Collected data entries
= = =

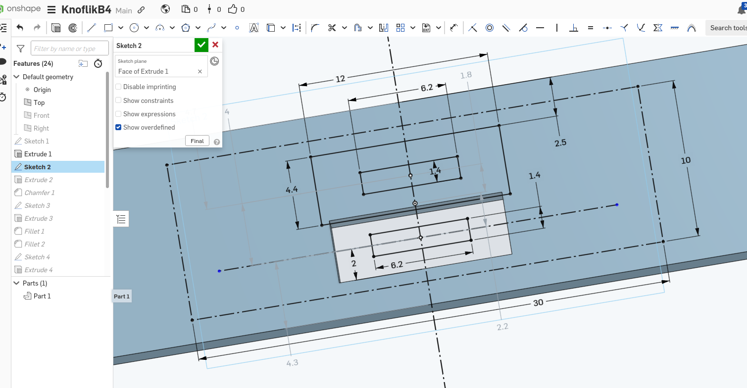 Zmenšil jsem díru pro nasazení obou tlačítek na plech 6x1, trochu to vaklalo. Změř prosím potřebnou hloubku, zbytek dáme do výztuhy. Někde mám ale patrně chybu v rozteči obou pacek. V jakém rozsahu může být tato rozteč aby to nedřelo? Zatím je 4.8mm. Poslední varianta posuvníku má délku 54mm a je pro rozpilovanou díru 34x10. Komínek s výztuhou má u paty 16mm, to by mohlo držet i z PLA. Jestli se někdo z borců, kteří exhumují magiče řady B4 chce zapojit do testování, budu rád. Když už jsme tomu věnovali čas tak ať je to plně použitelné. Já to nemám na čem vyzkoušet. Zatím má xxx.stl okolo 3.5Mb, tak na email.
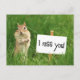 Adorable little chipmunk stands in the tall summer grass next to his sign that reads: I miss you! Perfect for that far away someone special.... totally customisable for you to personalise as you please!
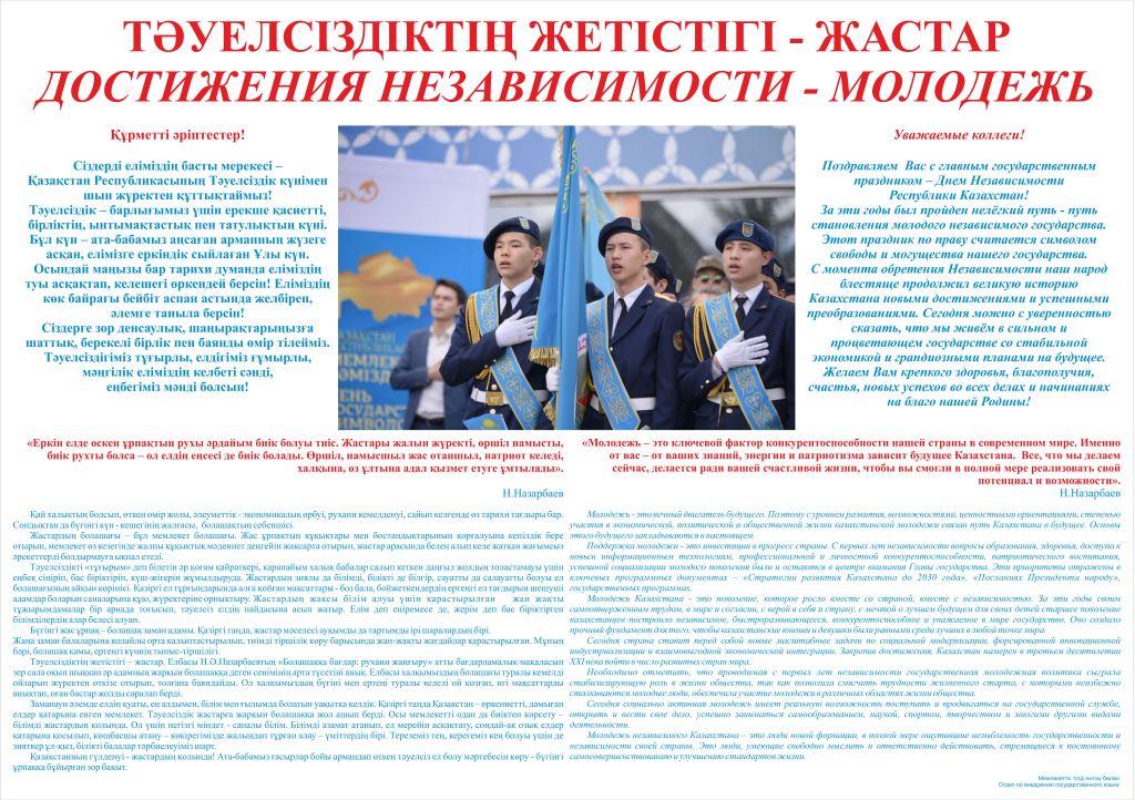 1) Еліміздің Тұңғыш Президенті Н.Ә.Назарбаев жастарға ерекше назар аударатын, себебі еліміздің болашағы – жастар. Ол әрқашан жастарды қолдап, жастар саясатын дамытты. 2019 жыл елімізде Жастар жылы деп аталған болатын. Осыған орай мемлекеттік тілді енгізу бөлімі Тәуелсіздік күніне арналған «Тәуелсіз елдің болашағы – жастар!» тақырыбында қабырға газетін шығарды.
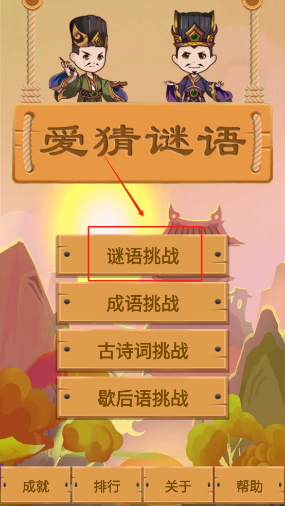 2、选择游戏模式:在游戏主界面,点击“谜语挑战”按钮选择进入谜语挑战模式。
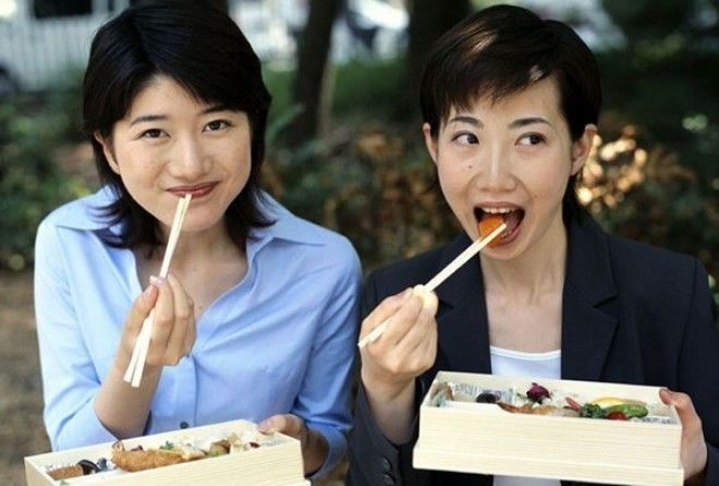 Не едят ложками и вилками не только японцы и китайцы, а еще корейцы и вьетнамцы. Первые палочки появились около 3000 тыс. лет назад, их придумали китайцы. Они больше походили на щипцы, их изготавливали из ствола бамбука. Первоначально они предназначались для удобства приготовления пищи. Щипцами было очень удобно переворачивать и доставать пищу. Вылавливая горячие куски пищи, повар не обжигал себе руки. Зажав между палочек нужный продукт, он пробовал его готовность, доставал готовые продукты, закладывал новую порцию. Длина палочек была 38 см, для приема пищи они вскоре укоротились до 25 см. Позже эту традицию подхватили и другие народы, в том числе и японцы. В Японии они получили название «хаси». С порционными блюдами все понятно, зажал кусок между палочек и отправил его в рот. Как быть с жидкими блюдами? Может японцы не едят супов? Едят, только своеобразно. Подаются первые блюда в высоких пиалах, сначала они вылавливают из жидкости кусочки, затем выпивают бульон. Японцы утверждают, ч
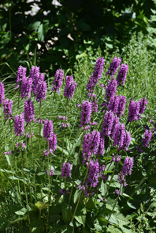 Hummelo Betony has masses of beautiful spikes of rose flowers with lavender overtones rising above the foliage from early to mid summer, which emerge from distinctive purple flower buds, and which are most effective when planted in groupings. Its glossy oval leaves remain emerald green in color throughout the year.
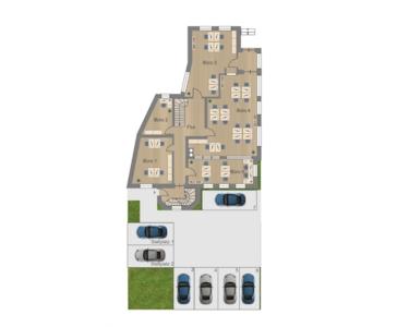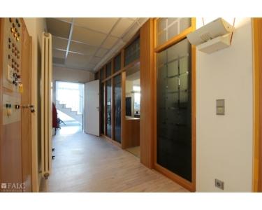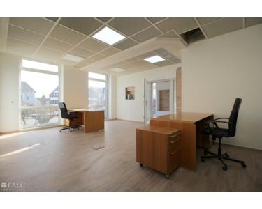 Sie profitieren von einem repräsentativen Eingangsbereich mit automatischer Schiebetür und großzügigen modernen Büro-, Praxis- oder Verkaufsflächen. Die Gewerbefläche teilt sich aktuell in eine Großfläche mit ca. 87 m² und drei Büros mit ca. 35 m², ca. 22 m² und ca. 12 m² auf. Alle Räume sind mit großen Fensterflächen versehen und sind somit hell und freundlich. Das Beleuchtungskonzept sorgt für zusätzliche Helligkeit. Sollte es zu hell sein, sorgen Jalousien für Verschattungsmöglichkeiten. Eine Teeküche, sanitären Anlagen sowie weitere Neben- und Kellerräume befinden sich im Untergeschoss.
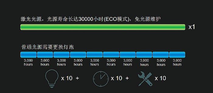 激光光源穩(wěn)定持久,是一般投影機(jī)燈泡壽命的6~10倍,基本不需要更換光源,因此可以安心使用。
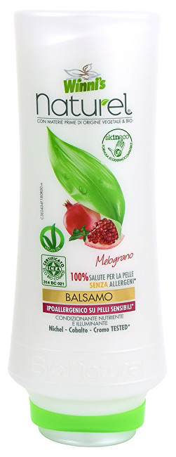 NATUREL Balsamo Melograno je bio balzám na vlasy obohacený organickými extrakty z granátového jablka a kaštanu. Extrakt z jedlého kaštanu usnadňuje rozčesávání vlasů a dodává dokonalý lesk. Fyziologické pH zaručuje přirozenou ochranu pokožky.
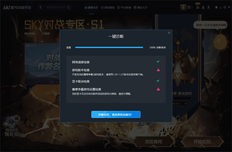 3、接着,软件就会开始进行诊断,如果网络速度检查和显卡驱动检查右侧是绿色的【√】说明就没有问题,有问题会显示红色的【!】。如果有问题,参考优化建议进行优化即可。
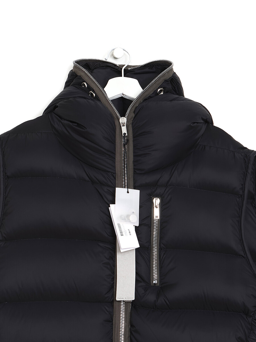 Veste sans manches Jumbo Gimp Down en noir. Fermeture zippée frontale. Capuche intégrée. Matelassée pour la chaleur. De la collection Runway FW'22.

= = =

» **WHAT THIS TASK INVOLVES**:
Each record must be repeated verbatim, and no picture may appear in the copy.

» **SOLUTION FOR THIS EXERCISE**:
 Zmenšil jsem díru pro nasazení obou tlačítek na plech 6x1, trochu to vaklalo. Změř prosím potřebnou hloubku, zbytek dáme do výztuhy. Někde mám ale patrně chybu v rozteči obou pacek. V jakém rozsahu může být tato rozteč aby to nedřelo? Zatím je 4.8mm. Poslední varianta posuvníku má délku 54mm a je pro rozpilovanou díru 34x10. Komínek s výztuhou má u paty 16mm, to by mohlo držet i z PLA. Jestli se někdo z borců, kteří exhumují magiče řady B4 chce zapojit do testování, budu rád. Když už jsme tomu věnovali čas tak ať je to plně použitelné. Já to nemám na čem vyzkoušet. Zatím má xxx.stl okolo 3.5Mb, tak na email.
 Adorable little chipmunk stands in the tall summer grass next to his sign that reads: I miss you! Perfect for that far away someone special.... totally customisable for you to personalise as you please!
 1) Еліміздің Тұңғыш Президенті Н.Ә.Назарбаев жастарға ерекше назар аударатын, себебі еліміздің болашағы – жастар. Ол әрқашан жастарды қолдап, жастар саясатын дамытты. 2019 жыл елімізде Жастар жылы деп аталған болатын. Осыған орай мемлекеттік тілді енгізу бөлімі Тәуелсіздік күніне арналған «Тәуелсіз елдің болашағы – жастар!» тақырыбында қабырға газетін шығарды.
 2、选择游戏模式:在游戏主界面,点击“谜语挑战”按钮选择进入谜语挑战模式。
 Не едят ложками и вилками не только японцы и китайцы, а еще корейцы и вьетнамцы. Первые палочки появились около 3000 тыс. лет назад, их придумали китайцы. Они больше походили на щипцы, их изготавливали из ствола бамбука. Первоначально они предназначались для удобства приготовления пищи. Щипцами было очень удобно переворачивать и доставать пищу. Вылавливая горячие куски пищи, повар не обжигал себе руки. Зажав между палочек нужный продукт, он пробовал его готовность, доставал готовые продукты, закладывал новую порцию. Длина палочек была 38 см, для приема пищи они вскоре укоротились до 25 см. Позже эту традицию подхватили и другие народы, в том числе и японцы. В Японии они получили название «хаси». С порционными блюдами все понятно, зажал кусок между палочек и отправил его в рот. Как быть с жидкими блюдами? Может японцы не едят супов? Едят, только своеобразно. Подаются первые блюда в высоких пиалах, сначала они вылавливают из жидкости кусочки, затем выпивают бульон. Японцы утверждают, ч
 Hummelo Betony has masses of beautiful spikes of rose flowers with lavender overtones rising above the foliage from early to mid summer, which emerge from distinctive purple flower buds, and which are most effective when planted in groupings. Its glossy oval leaves remain emerald green in color throughout the year.
 Sie profitieren von einem repräsentativen Eingangsbereich mit automatischer Schiebetür und großzügigen modernen Büro-, Praxis- oder Verkaufsflächen. Die Gewerbefläche teilt sich aktuell in eine Großfläche mit ca. 87 m² und drei Büros mit ca. 35 m², ca. 22 m² und ca. 12 m² auf. Alle Räume sind mit großen Fensterflächen versehen und sind somit hell und freundlich. Das Beleuchtungskonzept sorgt für zusätzliche Helligkeit. Sollte es zu hell sein, sorgen Jalousien für Verschattungsmöglichkeiten. Eine Teeküche, sanitären Anlagen sowie weitere Neben- und Kellerräume befinden sich im Untergeschoss.
 激光光源穩(wěn)定持久,是一般投影機(jī)燈泡壽命的6~10倍,基本不需要更換光源,因此可以安心使用。
 NATUREL Balsamo Melograno je bio balzám na vlasy obohacený organickými extrakty z granátového jablka a kaštanu. Extrakt z jedlého kaštanu usnadňuje rozčesávání vlasů a dodává dokonalý lesk. Fyziologické pH zaručuje přirozenou ochranu pokožky.
 3、接着,软件就会开始进行诊断,如果网络速度检查和显卡驱动检查右侧是绿色的【√】说明就没有问题,有问题会显示红色的【!】。如果有问题,参考优化建议进行优化即可。
 Veste sans manches Jumbo Gimp Down en noir. Fermeture zippée frontale. Capuche intégrée. Matelassée pour la chaleur. De la collection Runway FW'22.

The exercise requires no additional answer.